Uranium pentachloride is an inorganic chemical compound composed of uranium in the +5 oxidation state and five chlorine atoms.

== Preparation ==
Uranium pentachloride can be prepared from the reaction of uranium trioxide with carbon tetrachloride, with a previously prepared amount of the compound serving as a catalyst.

4 UO_{3} + 10 CCl_{4} → 4 UCl_{5} + 10 COCl_{2} + O_{2}
It can also be prepared from the reaction between uranium tetrachloride and chlorine in a fluidized bed reactor at 550 °C.

== Properties ==
Uranium pentachloride is available as red-brown microcrystalline powders or black-red crystals with metallic sheen. Unlike the tetrachloride, it is soluble in liquid chlorine. It is very hygroscopic and decomposes into uranium hexachloride and uranium tetrachloride when in water or heated. Additionally, it reacts with some organic solvents such as alcohols, acetone, diethyl ether, or dioxane, but does form stable solutions in carbon tetrachloride, carbon disulfide, and thionyl chloride.

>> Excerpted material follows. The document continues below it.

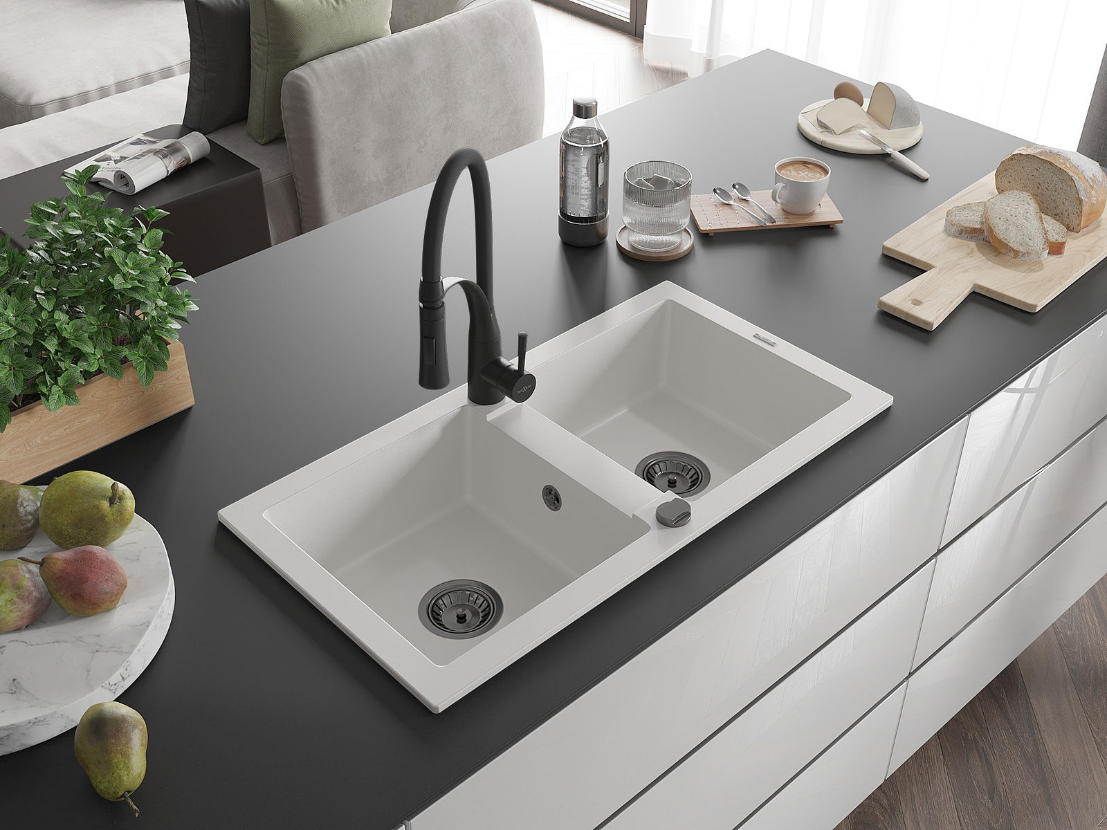 Povrch umývadla je odolný voči škvrnám a sfarbeniu, vďaka čomu sa ľahko čistí a zachováva si svoju farbu po dlhú dobu. Estetický a prakticky dopĺňajúci každú kuchyňu.

There are two crystalline forms, each of which has the uranium atom in an octahedral geometry among six chlorine atoms. Usually, it is in the α-form, which has a monoclinic crystal structure with space group P2_{1}/n. There is also a triclinic β-form, which has space group P1̅ and consists of U2Cl10 dimers like in uranium pentabromide.

The gaseous form has C_{4v} symmetry due to strong f-orbital contribution, and has an electron affinity of 4.76±0.03 eV.